Without the pictures, extract every line from the start of the material to the line containing "VROOM , plutôt", both ends included.

Given material:
....

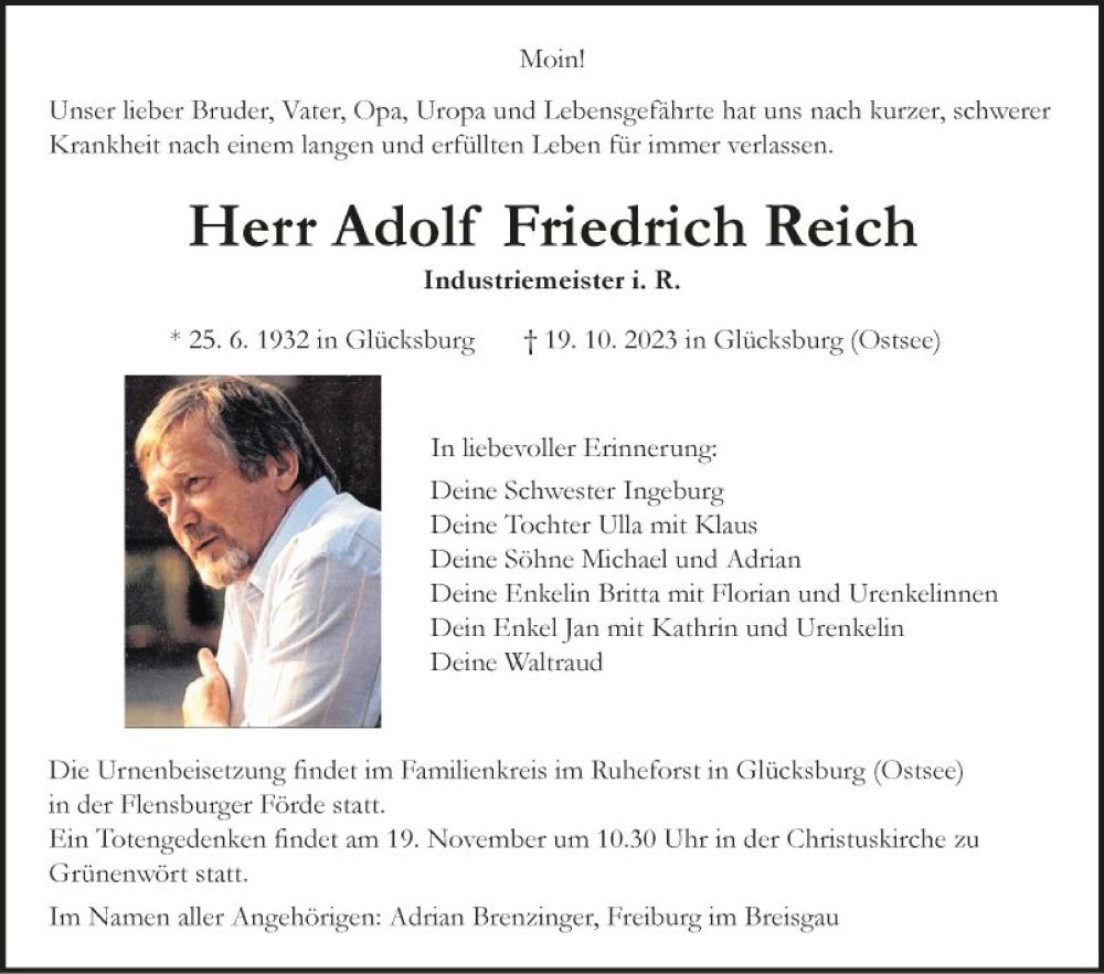 Hier finden Sie alle Traueranzeigen aus der Zeitung, die bisher für Adolf Friedrich Reich erschienen sind. Weitere Traueranzeigen, die in der Zeitung erscheinen, werden hier ebenfalls aufgelistet
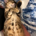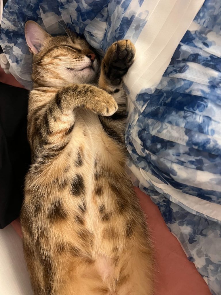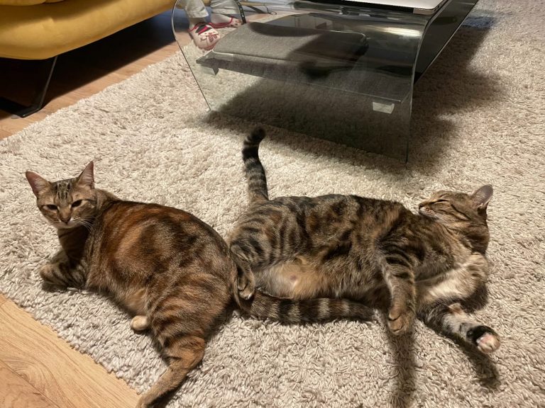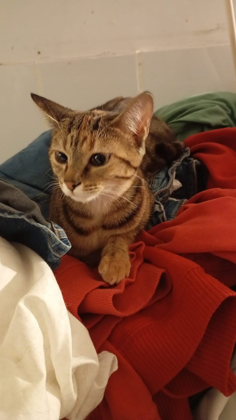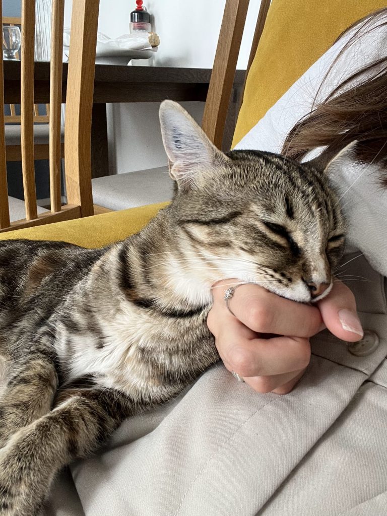 VROOM , plutôt grise est de nature plus calme et pataude, très câline aussi , elle viendra s'allonger près de vous facilement . Son nom n'est pas un hasard, elle ronronne comme un moteur.
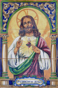Inicio Obras 08800. Retablo cerámico. Sagrado Corazón de Jesús. Almendralejo. Badajoz. 08800. Retablo cerámico. Sagrado Corazón de Jesús. Almendralejo. Badajoz. Código08800Tipo de obraRetablo cerámicoFunciónDevocionalTipo de panelPictóricoAutorDesconocidoTallerNavia Campos, Pedro. Nuestra Señora de la Piedad. FábricaFuente de autoríaFirmadoCronologíaDécada de 1950Fuente de la cronologíaEstimaciónDimensiones0,28 m. x 0,42 m. (aprox.)Pieza datadaNo Lugar exacto donde se encuentraFachada de domicilio particular. Calle Guadalupe, 33PoblaciónAlmendralejoProvinciaBadajozPaísEspañaSituada en elExteriorLugar de producciónSevillaZona de producciónAndalucíaTécnica decorativaAzulejo plano pintadoTema de decoración o temáticaReligiosa - letíficaPersonajes representadosJesús de NazaretAdvocacionesCorazón de Jesús Autor de las fotografíasManuel Pablo Rodríguez Rodríguez. Diciembre 2025
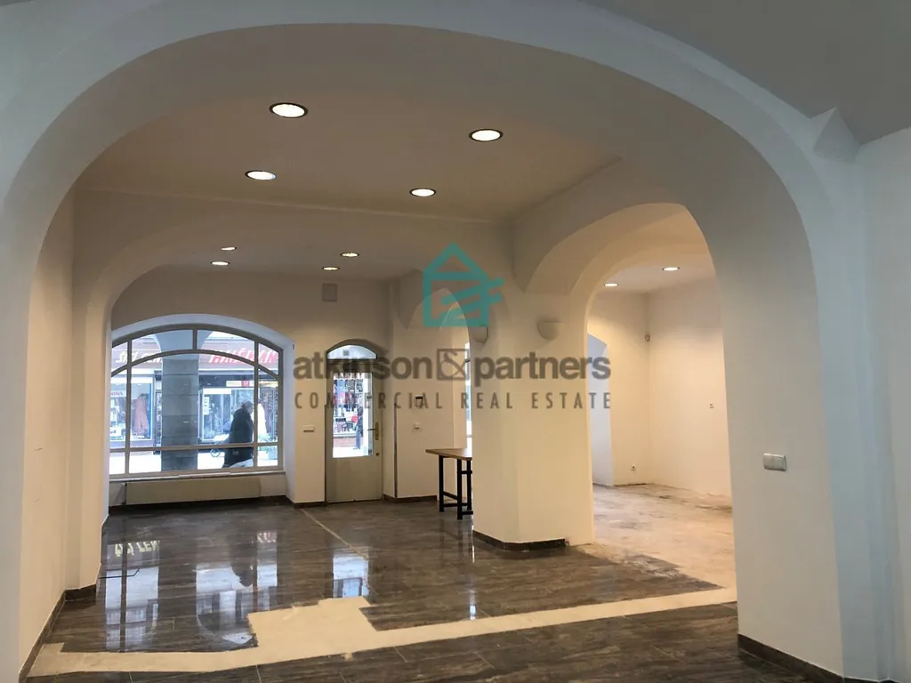 Nabízíme k pronájmu obchodní prostor v přízemí historického domu v centru Českých Budějovic v Krajinské ulici o celkové výměře cca 100 m². Do lukrativního prostoru se vchází z podloubí z Krajinské ulice, do které jsou rovněž orientovány velké výkladce. V zadní části se nachází technická místnost s odvětrávacím oknem do vnitrobloku, kterou lze využít např. jako šatnu pro zaměstnance, zázemí či sklad. K dispozici je samostatná toaleta s výlevkou. Prostor je ideálním řešením např. pro prodej značkového zboží, který vyžaduje polohu v centru města s výlohami, či např. pobočku banky, pojišťovny, prodejní kanceláře. Nájemní smlouva se uzavírá na dobu určitou 5 let se složením jistoty ve výši 3 měsíčních nájmů. Do prodejního prostoru je rovněž vyvedena voda. Prostor je k dispozici ihned, podlahová krytina bude položena na základě dohody s budoucím nájemcem. Pronajímatel není k datu uveřejnění prezentace plátcem DPH.

....

Output for this task:
 Hier finden Sie alle Traueranzeigen aus der Zeitung, die bisher für Adolf Friedrich Reich erschienen sind. Weitere Traueranzeigen, die in der Zeitung erscheinen, werden hier ebenfalls aufgelistet
 VROOM , plutôt grise est de nature plus calme et pataude, très câline aussi , elle viendra s'allonger près de vous facilement . Son nom n'est pas un hasard, elle ronronne comme un moteur.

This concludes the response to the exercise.